C. J. Smiles, The Lucky Little Labrador Goes to School (Happily Books, 2012)


That diploma and a quarter… won’t even get you a bus ride anymore. photo credit: my copy

One of the cardinal rules of children’s book writing is to not talk down to your audience. Not only does it show a disrespect for them, but you’d be surprised at how well kids can see through that sort of thing. Smiles’ book has an example that is both more abstract and more subtle than usual, which kind of makes me want to grudgingly admire it while still running it down. In this case, it’s a character; Kevin’s mother is as two-dimensional as they come, nerve-wrackingly shrill until that one moment of revelation when all the sudden her personality changes completely. Ever seen that happen in real life? Nope, me neither. And we don’t do any service to kids telling them it happens, any more than we do service to adults when that sort of thing happens in bad TV shows and movies. The underlying story is a decent one, but the devil, as usual, is in the details. **

Vault Reviews, September 2014, Part 1

[this post should have gone up Monday, were it not for the holiday, and then Things Happened(TM) Tuesday and Wednesday to stop me from having the time to work on these… today was almost as bad, but I did it piecemeal… the movie list changes should be up later as well. Part 2, however, will have to wait for tomorrow.]


Pee Chang Nang (The Screen at Kamchanod) (Songsak Mongkolthong, 2007)

A large face looms over a filmgoing crowd on the movie poster.

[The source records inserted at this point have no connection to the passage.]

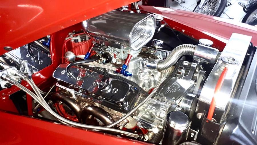 - Small-Block V8, 350 cui, ca. 350 PS, Holly Vergaser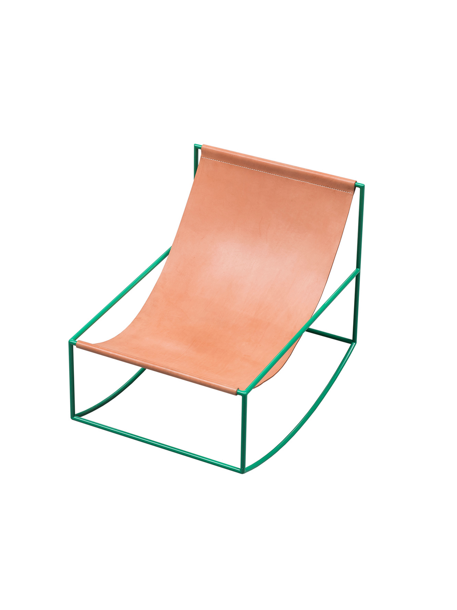 From now on, garden lounging can be done in true aesthetic style. valerie_objects introduces an outdoor version of Muller Van Severen’s rocking chair – perhaps one of the purest rocking chair designs ever created. The frame, made of electrolytically polished stainless steel, and the fabric seat are both crafted from premium, weather-resistant materials. This makes the chair perfectly suited for indoor as well as outdoor use. The vibrant color palette, unmistakably Muller Van Severen, brings character and life to any outdoor setting while preserving the brand’s signature sense of minimalism and playfulness.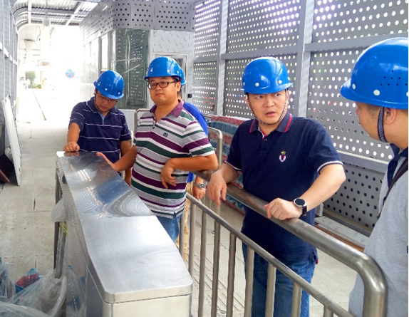 雄楚大街BRT示范站―理工大南站:公司領導詳細查看了現場施工情況,并囑咐施工人員,防汛期間一定要做好已安裝設備的保護工作,確保完成集團下達的通車任務。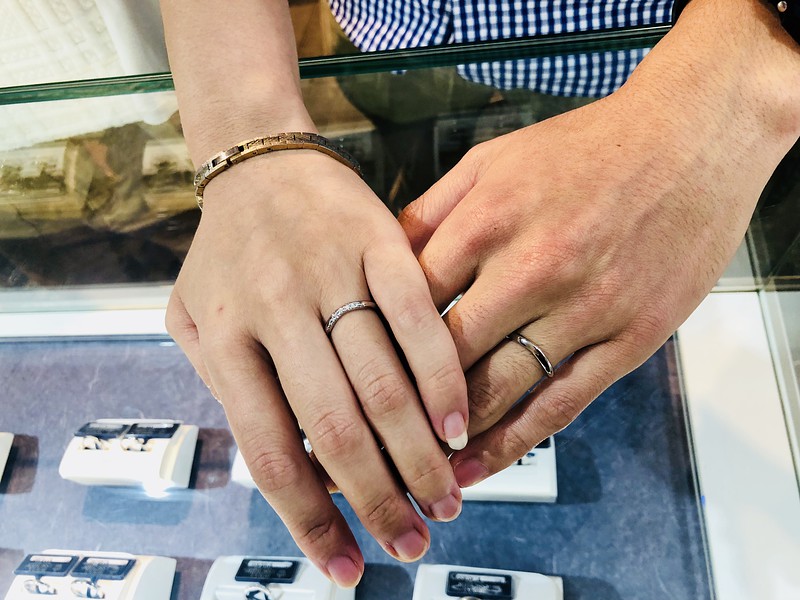 T様H様、この度は当店にて素敵なご結婚指輪をお選び頂き誠に有難うございます。お二人とも本当によくお似合いでした。いつでもクリーニング洗浄致しますので気軽にまたご来店下さい。これからいよいよ新生活始まりますね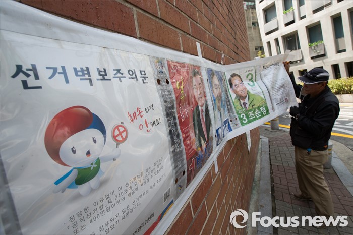 (서울=포커스뉴스) 제20대 국회의원 선거가 끝난 14일 오후 서울 서초구 일대에서 서초3동 주민센터 직원이 벽보를 철거하고 있다.
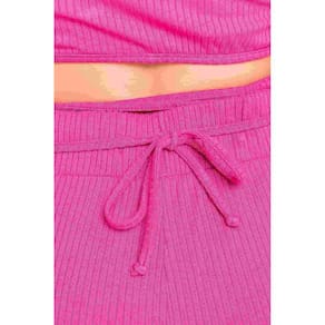 Conjunto Pantalona top em Malha Canelada, possui uma calça pantalona forrada de cós largo, bolsos frontais em um top, gola redonda com amarrações. A pantalona é bem acinturada e modela a silhueta sem marcar o corpo, por ser reta e larga, deixa a cintura mais acentuada sem marcar as curvas, ótima para compor looks formais e casuais, pois é uma peça bem versátil. Código do produto: 222931000201 Marca: Khalli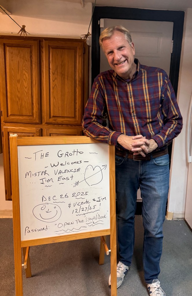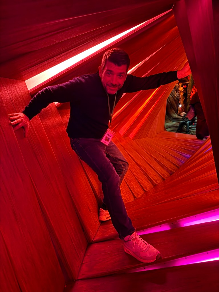 For New Year’s Day, we went to Meow Wolf. Fortunately, my friend Susan and her son Eric joined us. Eric had worked at Meow Wolf. So we enjoyed his tour of interesting explanations of the exhibits. If you’ve never seen it, it’s difficult to describe. Vicente called it an “intellectual fanfare.” It’s an artistic expression of what would happen if four worlds collided and blended together.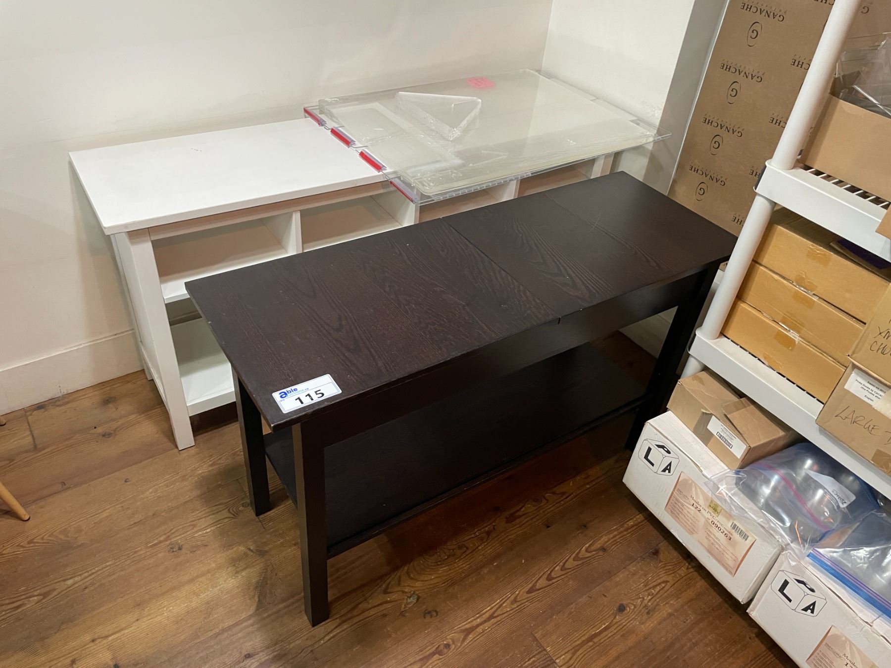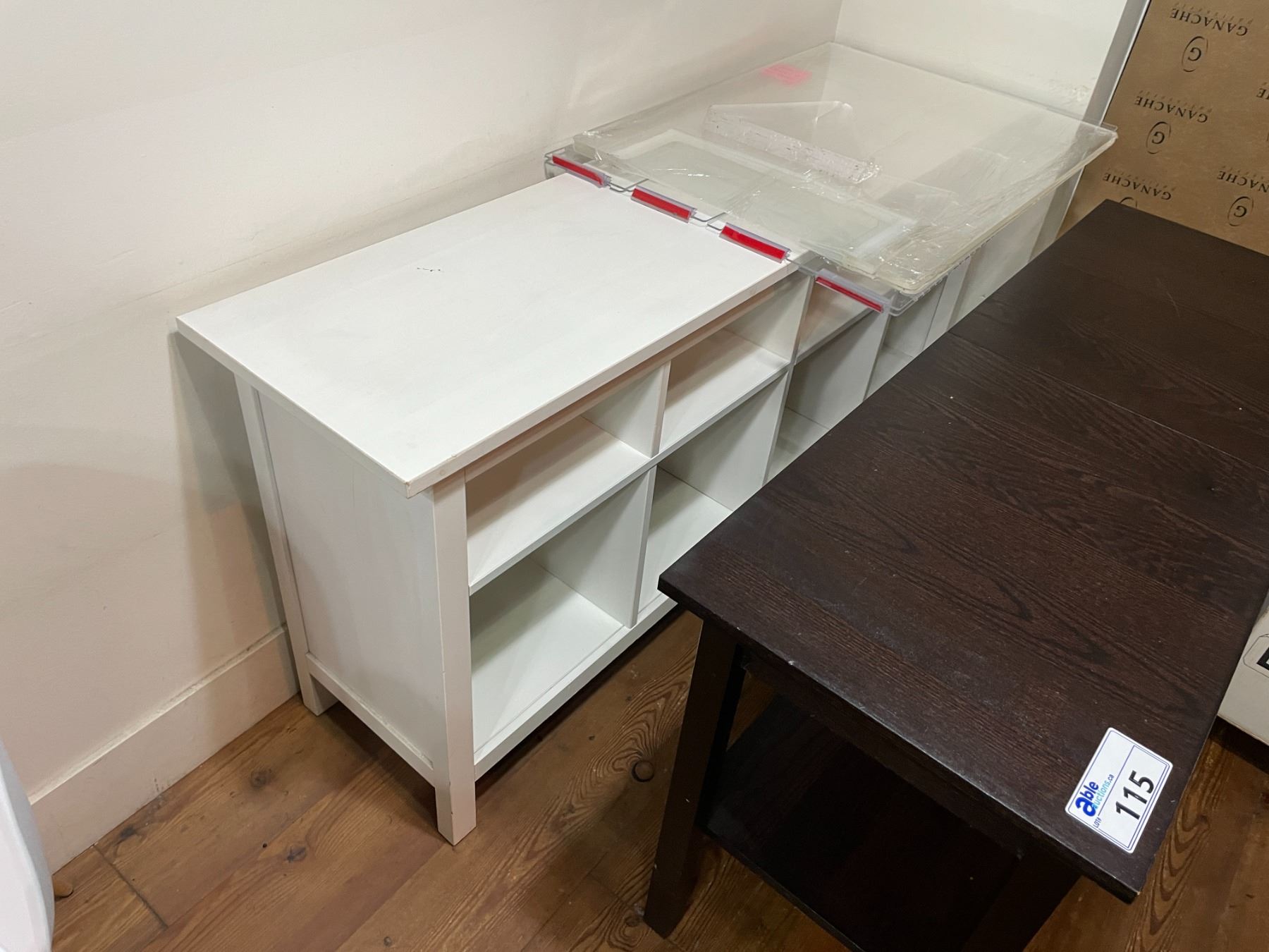 WHITE WOOD STORAGE DISPLAY COUNTER, DARK WOOD STORAGE DISPLAY COUNTER, & PLASTIC DIVIDER SCREENS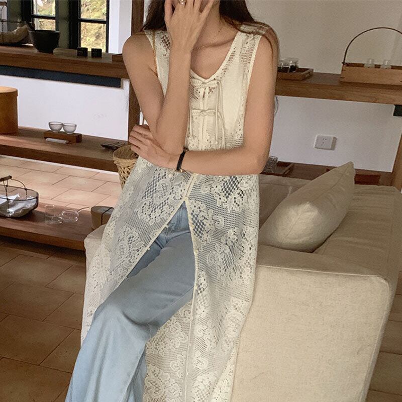 ワンピース かわいい 個性 ボヘミアン風 ロング丈 透かし彫り ホワイト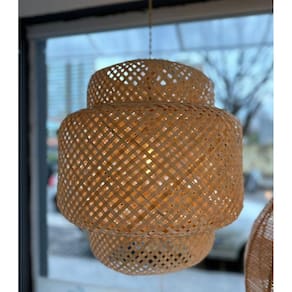 Pendente fibra natural bambu bali 40cm Altura da cúpula: 50 cm Diâmetro total da cúpula: 40 cm Comprimento do fio: 1,5 cm Base ou canopla que fixa no teto: 11 cm Marca: Não Informado

Warning: projecting images onto a large face may cause blurriness.
photo credit:

I will allow for the idea that my reaction to this movie, which I am hypothesizing was due mostly to the time (after a 2AM dosing of dilaudid) and place (I was in the hospital with a potentially life-threatening condition) I saw it, may have actually been the reaction the filmmakers were looking for here. Because my fragmentary memories of the movie, complete with washed-out jungle shots and fuzzy figures, actually kind of mirror the movie’s plot (a ghost story about, basically, the backwoods Thai version of a drive-in theater). If so, it’s a bit unfortunate that the trippiness factor may have worked a little too well on me, because fragments were all I remembered, so I rewatched it a couple of months ago…and once again, I’m only getting fragments when I try to bring it up in my head. My experience with movies like this is that the fact that there are fragments means there is a decent possibility that after a number of rewatches over the next decade or so, I may end up coming to love this movie and sing its praises whenever possible (I hated both Suspiria and Begotten the first time I saw each for exactly this reason, and now both are among my favorite movies); we’re a year and a half into it since my first seeing it, though, and I’m not there yet. If I do get there, I’ll write a new, longer review for it and tell you it requires multiple viewings to really get…but for now, it’s an “if you don’t have anything better to do…” movie. **

Trailer. (The full film, unsubbed, is available at Youtube.)

* * *

Splintered (Simeon Halligan, 2010)

Our heroine peers through a hole in the wall on the movie poster.

Heeeeeeeeere’s EYESORE!
photo credit:

You have seen this movie at least a dozen times. Innocent, or maybe not so innocent but she’s certainly done nothing to deserve this, girl is abducted by someone or something and imprisoned. There is someone close by who may or may not be able to help her, but is useful for passing information through to the captive (and, by extension, to the viewers). There is a Big Reveal about the killer, and often whether the viewer is left with a good taste in his or her mouth about the movie turns on whether that Big Reveal works. (I’m not sure it did here, I don’t think this movie could have been saved one way or the other.) It’s a well-established framework that lazy scriptwriters insert characters into for an almost instantly-completed movie. The end result, given that you are using a well-established framework, is utterly predictable and very rarely worth your time. Such is the case with Splintered. *


* * *

Nude Nuns with Big Guns (Joseph Guzman, 2010)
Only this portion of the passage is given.